Recollections of Mrs. P W (Minnie) Max

Wilhelmina ‘Minnie’ Troeger Max was the youngest daughter of Wilhelmina Sauer and John Adam Troeger.


The Troeger Family

My grandfather and grandmother Troeger made plans to bring their family from Germany to the United States. My grandfather didn’t want his sons to train for war. All young German men had to go into training. They sold all their possessions; then my grandmother died; she had a heart attack. The departure for the new land was delayed until after the funeral. Even though the neighbors and other relatives tried to convince my grandfather he shouldn’t leave Germany then, he and his children started on the trip with the few possessions they had gathered together before my grandmother’s death. My father was four years old. When they arrived in Hamburg, the youngest child who was two years old contracted measles. Since the family had paid for their passage and since the sick infant was not allowed on board ship, grandfather made arrangements for the oldest son and daughter to remain behind with the sick infant. In the meantime the child died and the brother and sister saw to the burial there. They found passage on the next boat. After they arrived in New York, They made their way to Buffalo where they had friends who had come from Germany, too.

Grandfather Troeger with those children who had first set out remained in Buffalo until the son and daughter arrived. Then he came to Ohio to look for a place to bring his family. One of the oldest daughters stayed in Buffalo and married a baker. It is from this bakery that we got the recipe for the Christmas Pffefferkuchen. The bakery was kept in the family until the unions came upon the scene and my uncle sold the bakery because he would not join the union.

 

The Sauer Family

My grandfather Sauer came from Germany to Cleveland and worked as a harness maker for the street car company. Street cars were then drawn by horses. Later my grandmother with her parents, the Hofrichters, came to America. They, too came to Cleveland because they had known grandfather Sauer in Germany. My grandfather and grandmother were married in Cleveland. The Hofrichters came to pleasant township in Henry County where everything was woods. My grandfather would have preferred staying in Cleveland but my grandmother insisted in going where her parents were. They worked so hard to clear the land of the big timbers. One time when they cleared an acre and had a beautiful crop of wheat about to be harvested, a government inspector came and told them the grain must not be used for flour, etc., because it had not received enough sunlight. It could be fed to the livestock. In the summer time grandfather Sauer worked on the canal. In the winter, he and other settlers cleared the land. Because my grandmother was so frightened of Indians, in the summertime she cooked on the canal boat. The men wheeled the ground out of the canal with wheelbarrows.

A tragedy occurred when my great grandmother Hofrichter disappeared. One day my great grandmother came to my grandmother’s house because the previous day my grandmother had been ill. Great grandmother wanted to get the children so my grandmother could rest. But my grandmother was doing the washing and said she could take care of the children. My great grandmother left for home; she had a small pail and planned to pick up nuts on her way home which was nearby. At noon my great grandfather came looking for his wife; he said that the bread dough was running over the table. My great grandmother was never seen again. No trace of her was found. She was so afraid of the Indians that some folks thought she may have crawled into a log or she may have been carried away by the Indians and died of shock. Others thought she may have been attacked by bears.
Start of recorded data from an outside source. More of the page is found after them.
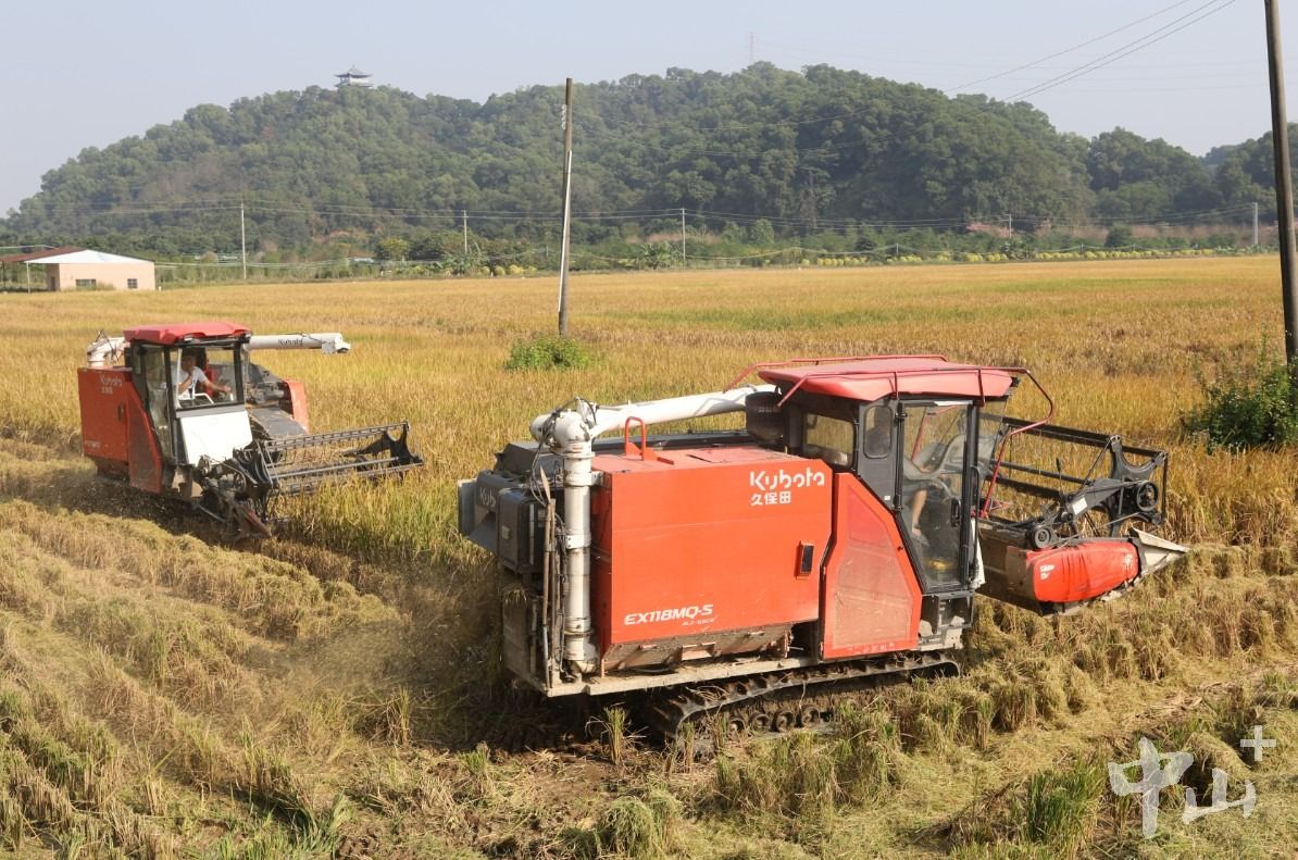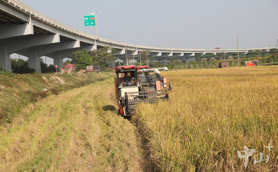 板芙鎮(zhèn)里溪村200多畝稻田迎來(lái)收獲。記者 王云 攝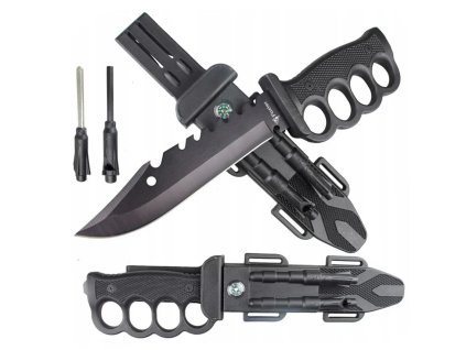 Vojenský taktický nůž BOWIE s mosaznou kloubovou rukojetí o celkové délce 33 cm.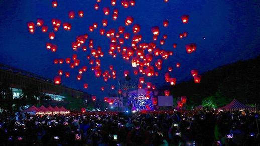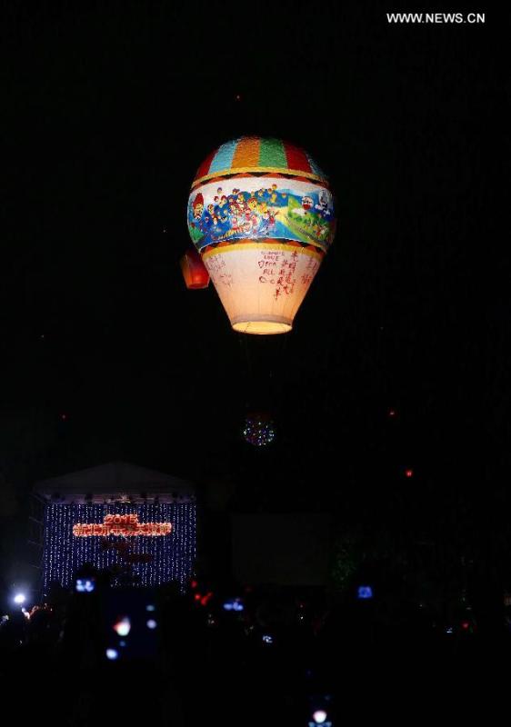 A large sky lantern floats up into the air in Pingxi, New Taipei City of southeast China's Taiwan, Feb. 27, 2015. In total 1,600 free sky lanterns were prepared for local people on Friday during the 2nd lantern show of 2015 Pingxi sky lantern festival here. [Photo/Xinhua]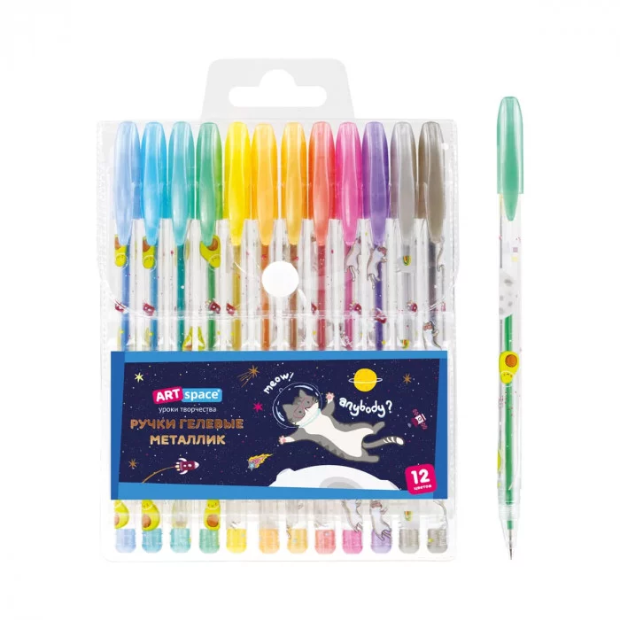 Набор гелевых ручек ArtSpace "Космические приключения" 12цв., 1, 0мм, металлик, ПВХ чехол 314530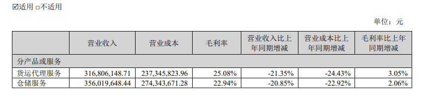 2024年上半年,海晨股份实现营收8.12亿元,其中来自货运代理服务、仓储服务的营收分别为3.17亿元、3.56亿元,同比均下滑20%以上。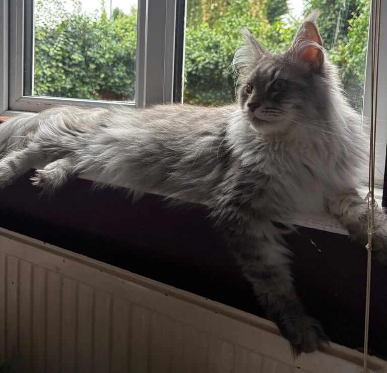 Big Majestic Maine Coon Male, Silver and WhiteOur gorgeous big Maine Coon, male, 2 years old, silver and white, is looking for a new home, through no fault of his own due to personal circumstances. He is neutered, vaccinated, microchipped, and fully litter trained. A gentle giant, he's already large and still growing—true to his breed.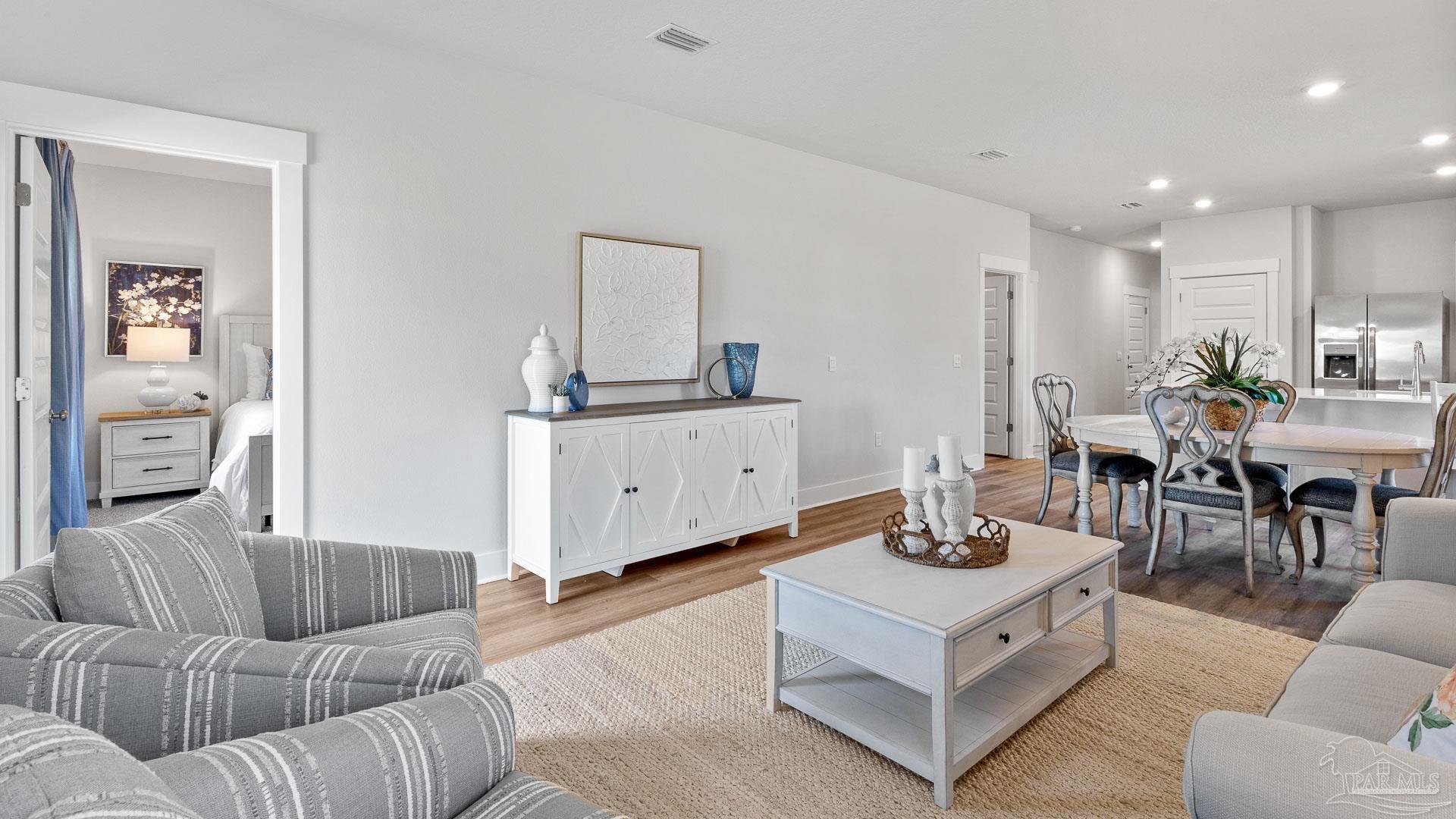 Explore the Camilla Plan at Martin Preserve in Pensacola! This beautiful single-story home offers over 1,500 square feet, featuring 4 bedrooms, 2 bathrooms, and a 1-car garage with an open layout. Inside, you'll find easy access to the first three bedrooms and a guest bathroom, along with a spacious living area that combines the great room, kitchen, and dining space. The kitchen is a dream, equipped with an island, quartz countertops, and stainless-steel appliances. Enjoy meals in the dining area or on the back patio. The primary bedroom includes an attached bathroom with a vanity, walk-in shower, and large closet. This home includes the Smart Home Connected Package. Conveniently located near Blue Angel Parkway and Highway 98, you're just a short drive from the Pensacola Naval Air Station, shopping, dining, schools, and beautiful beaches. Call today to schedule your tour!

Indians often came to my grandparent’s home. When my grandmother was alone the first time they came, she refused to let them into the house. . When they left, the Indians chopped the gate to pieces. A friend told her she was fortunate the Indians didn’t kill her, and that she should let them in if they came again. The next time she didn’t refuse them. Each Indian had a knife and one Indian ordered the rest of them to lay the knives on the table. He motioned grandmother and the children to go to the loft. The Indians drank her vinegar and ate everything she had in the cupboard. The vinegar was made of whisky, rain water and maple sugar. My grandmother didn’t sleep that night while the Indians had their party. In the morning the Indians were gone. Later the Indians bought skins from animals that my grandfather and his sons had trapped and hunted. Also Injun Jack brought many ‘medicines’ for my grandmother. He gathered all kinds of herbs and plants for his cures.

(These are incidents and family history that I recall hearing when I was a child.) Mrs. P W Max, age 94, January, 1979.